Get the 66 SL, throw in some freash oil and grease on the seals, call Marzocchi to buy a RC3 Cart, then retro fit it into the SL buy following the guide in my signature.

Weight will be about 2.55kg, and will FAR out perform a float R, the extra weight willl be negated by performance gains, and the 66 will be more durable as well


----------



## ifouiripilay (Nov 11, 2005)

I put the rc3 cart on my 06 66 eta light and it been riding better than ever. I followed Nicks tutorial, simple just like an oil change. Thanks for giving me the idea.


----------



## clydecrash (Apr 1, 2005)

Wow! This looks interesting. I have a 2006 66 Light ETA that I pulled out of the closet, and reinstalled on my Nomad. Unfortunately, the compression screw broke (found out this is not uncommon). I will definitely consider the RC3 if I decide to replace the cartridge (I am not a constant adjustment person, so I will see if the current setting is OK).

So, thanks Nick for the tutorial. And thanks ifouiripilay for letting us know it works specifically for the Light ETA.


----------



## SHIVER ME TIMBERS (Jan 12, 2004)

sweet one Nickster


----------



## essenmeinstuff (Sep 4, 2007)

Hey nick, awesome, any idea if this would also work on similar generation 888?


----------



## beefmagic (Sep 17, 2005)

Considering doing this mod to my 66sl. How much better is the RC3 than the RC2? In what areas is it better?

I'm trying to decide between doing the RC3 mod or saving my $ for an Avy cart. 

What do you guys think?


----------



## stiingya (Apr 30, 2004)

Nick_M2R said:


> Got a new 2006 66 SL yesterday to replace my 09 66 RC3, my 4th one that is now on its way back to the aussie distro for the same problems (creeking crown, sloppy bushings) I still like the Marzocchi forks for its open bath damper and RC3 cart. Well the 09 66 was just sitting round, and tonight i was tinkering, and had a brainwave that maybe i could swap the RC2 damper in the 2006 66 for the RC3 damper. Well i pulled both out, switched some bits round and BAM..
> 
> Got a bombproof 2006 chassis rocking the RC3 damper :thumbsup:
> 
> ...


I see a certain 66 SL on e-bay, what did you end up replacing it with? Did the 09 finally start working right? Something else?

Also, anyone know how much the RC3 damper is from zoke? (yes I know I should just call!)


----------



## ifouiripilay (Nov 11, 2005)

I paid $150 plus shipping for the damper a yr ago.


----------



## beefmagic (Sep 17, 2005)

ifouiripilay said:


> I paid $150 plus shipping for the damper a yr ago.
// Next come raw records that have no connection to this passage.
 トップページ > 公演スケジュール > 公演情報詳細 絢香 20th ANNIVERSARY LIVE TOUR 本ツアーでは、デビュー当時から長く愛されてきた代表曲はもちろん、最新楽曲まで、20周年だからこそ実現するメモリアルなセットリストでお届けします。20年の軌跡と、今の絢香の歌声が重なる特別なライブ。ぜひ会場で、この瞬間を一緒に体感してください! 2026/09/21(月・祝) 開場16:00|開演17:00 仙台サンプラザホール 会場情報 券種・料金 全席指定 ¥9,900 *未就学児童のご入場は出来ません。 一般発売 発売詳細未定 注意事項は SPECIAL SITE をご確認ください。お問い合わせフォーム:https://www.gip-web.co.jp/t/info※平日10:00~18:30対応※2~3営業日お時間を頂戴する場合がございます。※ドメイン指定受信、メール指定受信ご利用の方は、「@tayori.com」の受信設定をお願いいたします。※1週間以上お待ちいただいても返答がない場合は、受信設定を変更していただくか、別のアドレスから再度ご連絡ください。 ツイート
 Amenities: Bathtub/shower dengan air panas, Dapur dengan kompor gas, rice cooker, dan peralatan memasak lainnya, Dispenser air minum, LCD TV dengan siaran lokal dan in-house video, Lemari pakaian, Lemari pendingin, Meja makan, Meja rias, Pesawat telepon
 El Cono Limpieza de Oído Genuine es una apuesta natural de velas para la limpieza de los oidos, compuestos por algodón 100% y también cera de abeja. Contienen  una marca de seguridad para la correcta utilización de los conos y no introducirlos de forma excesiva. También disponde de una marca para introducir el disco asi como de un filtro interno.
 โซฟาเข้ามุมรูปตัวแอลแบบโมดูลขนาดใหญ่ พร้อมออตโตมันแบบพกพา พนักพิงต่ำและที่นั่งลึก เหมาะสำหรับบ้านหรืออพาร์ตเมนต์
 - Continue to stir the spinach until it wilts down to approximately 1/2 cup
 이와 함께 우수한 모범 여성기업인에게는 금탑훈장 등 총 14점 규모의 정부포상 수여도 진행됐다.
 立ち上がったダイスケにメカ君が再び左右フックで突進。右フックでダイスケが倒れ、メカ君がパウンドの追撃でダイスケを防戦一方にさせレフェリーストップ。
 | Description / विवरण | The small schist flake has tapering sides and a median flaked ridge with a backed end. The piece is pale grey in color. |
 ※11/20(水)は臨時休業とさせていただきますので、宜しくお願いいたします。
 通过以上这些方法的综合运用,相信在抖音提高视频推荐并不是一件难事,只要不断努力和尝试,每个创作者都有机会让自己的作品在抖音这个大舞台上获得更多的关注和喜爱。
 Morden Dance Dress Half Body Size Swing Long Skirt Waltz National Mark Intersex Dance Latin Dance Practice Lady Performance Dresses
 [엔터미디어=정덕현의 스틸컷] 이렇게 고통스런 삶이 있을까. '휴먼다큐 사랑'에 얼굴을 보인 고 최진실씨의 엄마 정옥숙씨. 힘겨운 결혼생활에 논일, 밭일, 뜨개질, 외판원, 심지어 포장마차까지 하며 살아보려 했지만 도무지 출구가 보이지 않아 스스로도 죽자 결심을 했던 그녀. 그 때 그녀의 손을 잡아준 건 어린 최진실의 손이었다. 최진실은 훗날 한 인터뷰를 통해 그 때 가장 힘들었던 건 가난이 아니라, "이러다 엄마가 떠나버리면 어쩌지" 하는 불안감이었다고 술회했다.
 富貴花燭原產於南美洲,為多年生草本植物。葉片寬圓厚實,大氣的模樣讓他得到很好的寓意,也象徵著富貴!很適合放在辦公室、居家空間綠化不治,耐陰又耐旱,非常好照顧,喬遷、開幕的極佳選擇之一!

I just ordered one for $160 +shipping. I'll find out soon enough, but can you comment on how you like the RC3 damper compared to the RC2? TIA


----------



## Nick_M2R (Oct 18, 2008)

stiingya said:


> I see a certain 66 SL on e-bay, what did you end up replacing it with? Did the 09 finally start working right? Something else?
> 
> Also, anyone know how much the RC3 damper is from zoke? (yes I know I should just call!)


I replaced it with a 2007 66RC2X and converted the damper to RC3, fork rode amazing. But it was sold mid last year cause i dropped outta the sport for awhile, mostly rode my hardtail, but even that passion dropped abit, now however, im rediscovering the passion, have just finished building the rig, and she is rocking a 2011 66 RC3 Evo upgraded with a Ti spring. Am super excited about this fork, just from the scientific push up and down test, the damper feels so much better and controlled than the old RC3. Will be giving it a proper thrashing this weekend, cant wait to see how she goes


----------